8. Amex Business Rewards Gold ($175)
Why We Hold This Card – Historically, we got this card for the sign-up bonus, and we’ve held onto a Business Rewards Gold (BRG) card mostly for the possibility of offers to upgrade it to a Business Platinum card. In the past, we’ve twice received offers of 50,000 MR points to upgrade (combined with a spend requirement).

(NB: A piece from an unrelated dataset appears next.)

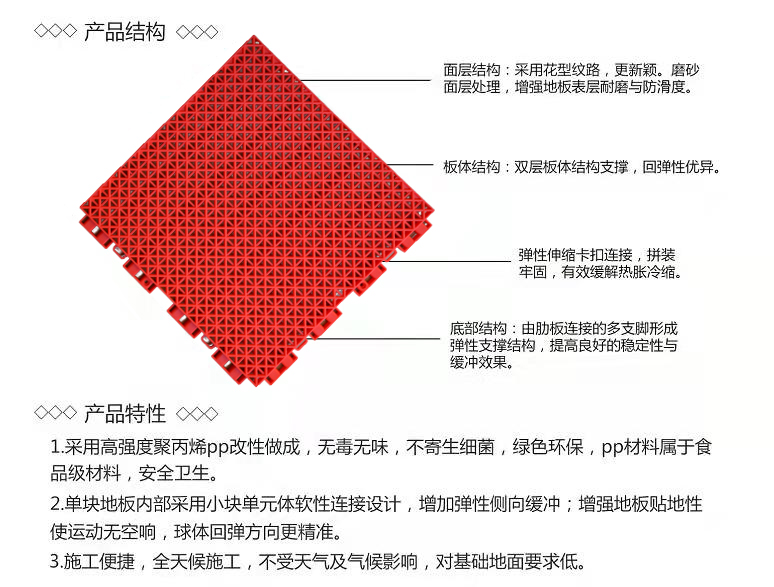 面層采用花型紋路,磨砂面層處理,增加地板表層耐磨和防滑度。板體結(jié)構(gòu),雙層板體結(jié)構(gòu),回彈優(yōu)異。底部結(jié)構(gòu),由肋板連接的多支腳形成彈性支撐結(jié)構(gòu),提高良好的穩(wěn)定性和緩沖效果。

Right now, our annual fee has just posted again, and we’re on the fence about keeping the card. On the one hand, we use it very little for ongoing spend, as its bonus categories are either not best-in-class, or we don’t spend enough in them to matter. That said, if we decided to advertise Middle Age Miles, we could earn 3x MR points in the advertising category (up to $100,000 per year). Alternatively, we could choose 3x on computer hardware, software, and cloud computing services and get some modest benefit from that.
The “keep” argument would be that if we get another 50,000-point offer to re-upgrade to the Biz Platinum, that would be worth far more than the $175 annual fee. It might also be possible that we’d get a MR-point offer to convert our now-legacy BRG card to the “upgraded” Business Gold card (which has a $295 annual fee but increased points earning and some additional benefits). And, maybe we’ll get a retention offer. Stay tuned, and we’ll report back later.
9. Amex Business Green ($0 first year / $95 thereafter)
Why We Hold This Card – We got the Business Green card in August 2018, striking strategically to pick up a 20,000 MR point referral bonus plus 10,000 MR points in sign-up bonuses. (Technically, the sign-up bonus was 5,000 MR points, but it was a known glitch at the time that the sign-up bonus would likely post twice.)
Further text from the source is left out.